Stored items:
****
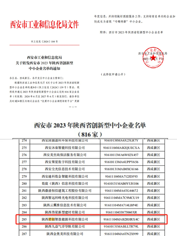 日前,君創(chuàng)科技順利通過(guò)陜西省工業(yè)和信息化廳認(rèn)定,獲得“2023年陜西省創(chuàng)新型中小企業(yè)”。
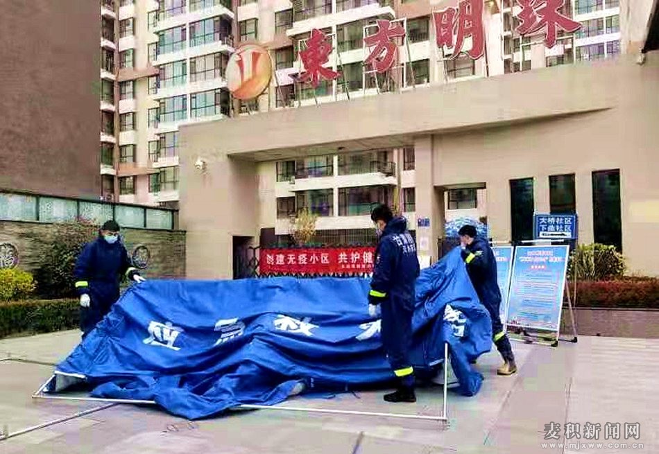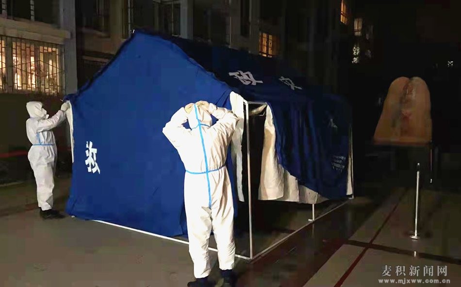 在從市應(yīng)急物資庫調(diào)運363頂棉帳篷過程中,麥積區(qū)消防隊全體消防隊員和麥積區(qū)糧食和物資儲備局、軍糧供應(yīng)站、天水金穗糧油儲備有限公司的干部、職工相互配合,共同奮戰(zhàn),連續(xù)工作一天一夜,進行裝御、運送和安裝等作業(yè),順利將此批帳篷從秦州區(qū)皂郊物資倉庫調(diào)運、配送至麥積城區(qū)各疫情防控一線。
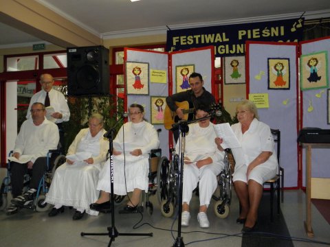 V Mini Festiwal Pieśni i Piosenki Religijnej Dnia 23 października 2014 roku w Naszym Domu odbył się V Mini Festiwal Pieśni i Piosenki Religijnej. Zespoły i soliści z placówek pomocowych naszego miasta i zaprzyjaźnionych Domów Pomocy Społecznej prezentowali umiejętności wokalne, zaangażowanie i co wydaje się najcenniejsze pokonanie własnych słabości. Bo przecież występ przed publicznością nie jest rzeczą łatwą, zwłaszcza gdy jest to rywalizacja, choćby najszlachetniejsza i w formie zabawowej. Każdy uczestnik wykonywał w części konkursowej dwa utwory oceniane przez jurorów. Słuchacze i jurorzy mieli zatem możliwość wysłuchania 18 różnych popisów śpiewaczych i w ocenie wszystkich, wybranie tego jednego nie było rzeczą prostą. Ale z tym problemem musieli zmierzyć się jurorzy, którzy (jak wiadomo z podsłuchanych rozmów) spierali się gorąco. Werdykt zapadł po długiej naradzie a zwycięzcą tegorocznej edycji Mini Festiwalu został Dom Pomocy Społecznej z Bytomia. Nieoczekiwaną atrakcją Festiwalu był występ wszystkich opiekunów zespołów a na zakończenie całości popis jurorów. Laureatowi i wszystkim wykonawcom serdecznie i gorąco gratulujemy i już teraz zapraszamy do udziału w przyszłym roku. Warto w tym miejscu przedstawić wszystkich uczestników Festiwalu a byli nimi: DPS „Pod Dębem" z Dąbrowy Górniczej, DPS „Kombatant" z Bytomia, DPS „Przyjaźń" z Tarnowskich Gór, DPS dla Kombatantów z Opola, DPS z Częstochowy, DPS Kochcicka z Lublińca, Środowiskowy Dom Samopomocy z Lublińca, DPS „Zameczek" z Lublińca i DPS „Dom Kombatanta" z Lublińca.
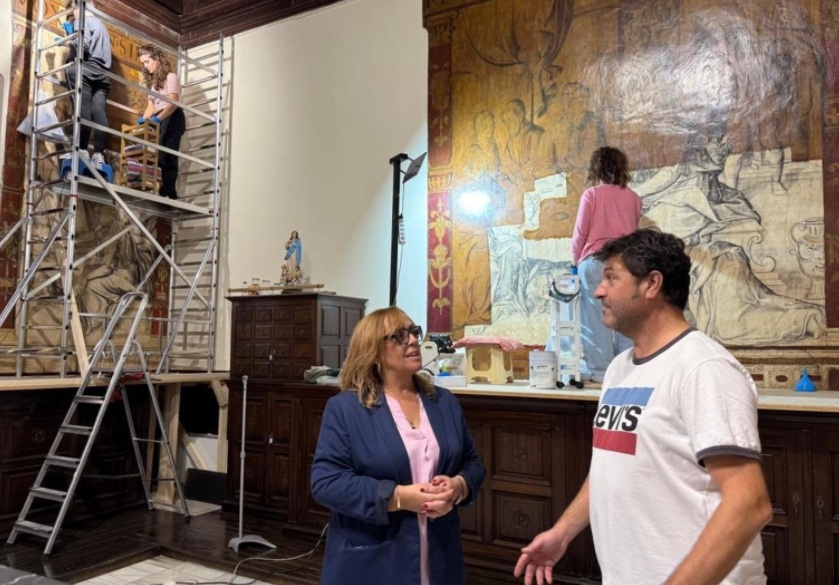 La viceconsejera ha detallado que las acciones incluyen tareas de limpieza, que abarcan la eliminación de barniz y repintes; así como la consolidación de los estratos intermedios y su protección temporal. También se contempla la eliminación de materiales ajenos, además del relleno con mortero.
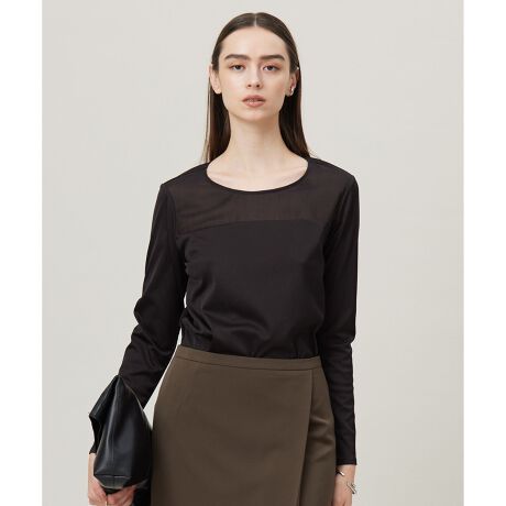 ■デザイン胸から上をシアー素材で切り替えた、コンビデザインの新しいスーツインナートップスです。スーツインでデコルテから顔周りがスッキリ見えるようにシアー素材で切り替えています。シアー素材のオーガンジーもPlaX素材を使用しています。
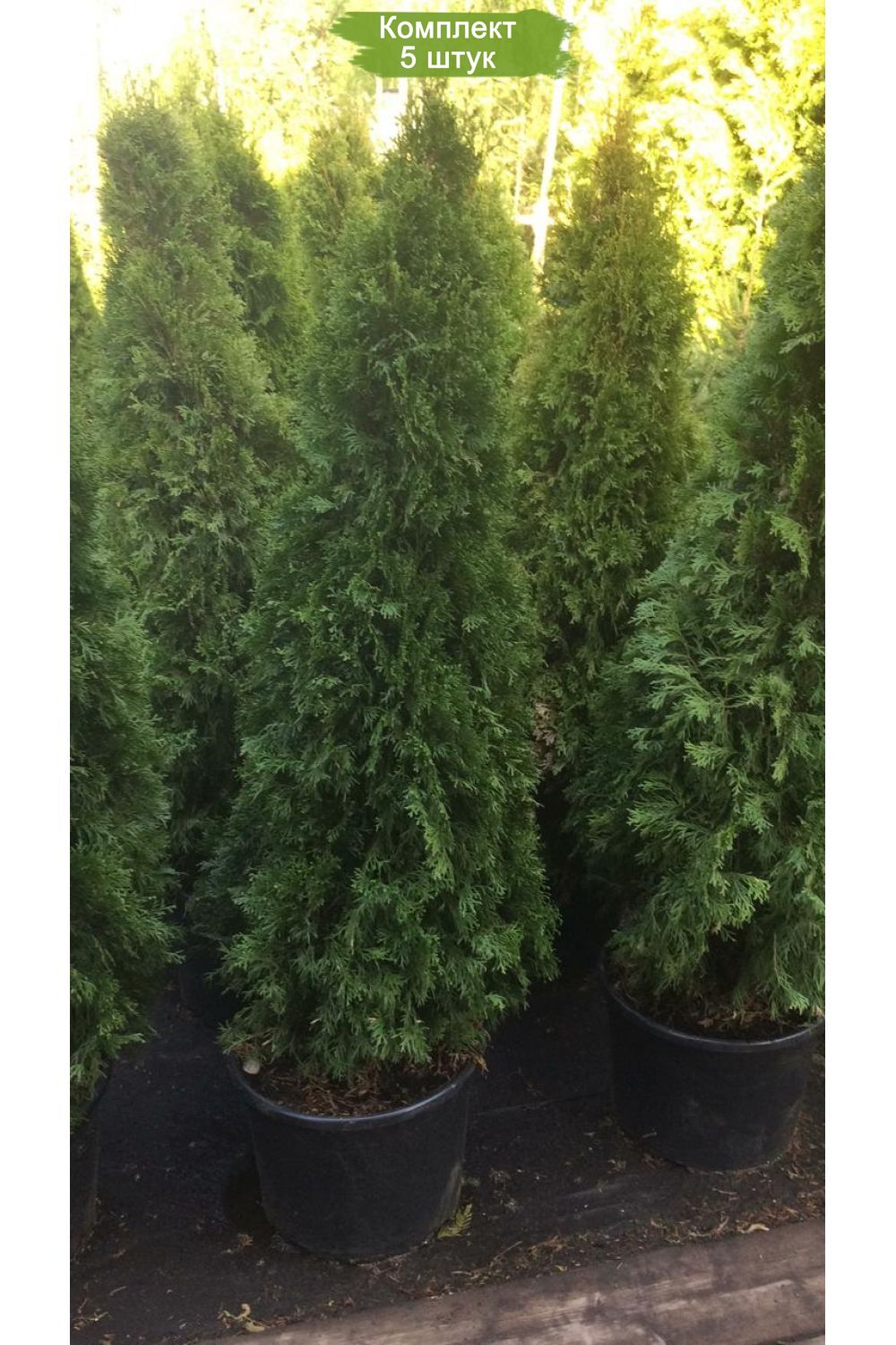 В комплект входят 5 саженцев туи 'Смарагд' высотой от 150 см каждый. Саженцы аккуратно упакованы и готовы к посадке.
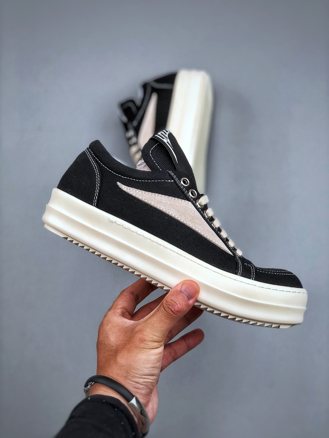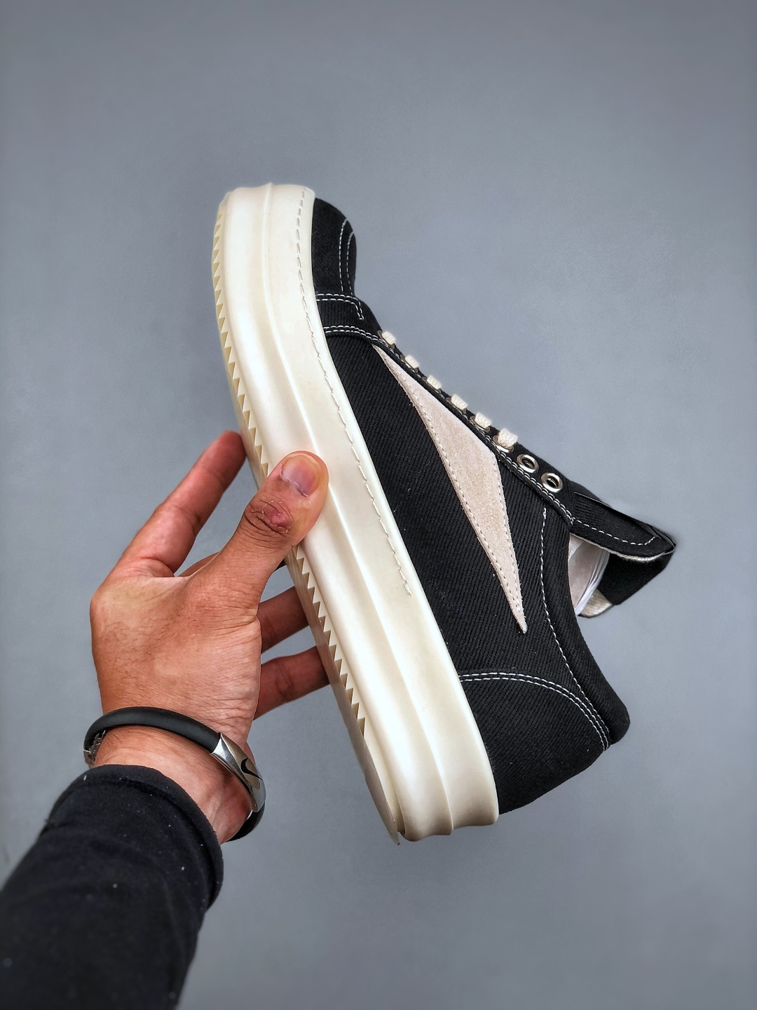 Rick Owens DRKSHDW Hollywood 瑞克·欧文斯 【款式】 帆布款/低帮/ 长鞋舌款 黑色 【面料】 东莞原厂进口全新2025年新材质 高丝光轻绒感12盎司帆面 【鞋带】 鞋带采用水染定织法工艺,高密度之下,透出光泽感! 【鞋头】 奶白色小牛皮,软糯,轻轻按压有牛皮细细的纹理质感! 【鞋底】TPU大底奶香味!硬度、肤感一比一!鞋底logo钢印清晰正确! 【鞋垫】整张牛皮鞋垫+logo ,独家私人开模冲孔! 【尺码】 :36 37 38 39 40 41 42 43 44 45 46 适应外贸业务,超大尺码!
****
Aim of the exercise: Retype, please, exactly the lines that begin with the one containing "В комплект входят" and end at the last line of the entries above, both included, leaving out pictures.

Output for this exercise:
 В комплект входят 5 саженцев туи 'Смарагд' высотой от 150 см каждый. Саженцы аккуратно упакованы и готовы к посадке.
 Rick Owens DRKSHDW Hollywood 瑞克·欧文斯 【款式】 帆布款/低帮/ 长鞋舌款 黑色 【面料】 东莞原厂进口全新2025年新材质 高丝光轻绒感12盎司帆面 【鞋带】 鞋带采用水染定织法工艺,高密度之下,透出光泽感! 【鞋头】 奶白色小牛皮,软糯,轻轻按压有牛皮细细的纹理质感! 【鞋底】TPU大底奶香味!硬度、肤感一比一!鞋底logo钢印清晰正确! 【鞋垫】整张牛皮鞋垫+logo ,独家私人开模冲孔! 【尺码】 :36 37 38 39 40 41 42 43 44 45 46 适应外贸业务,超大尺码!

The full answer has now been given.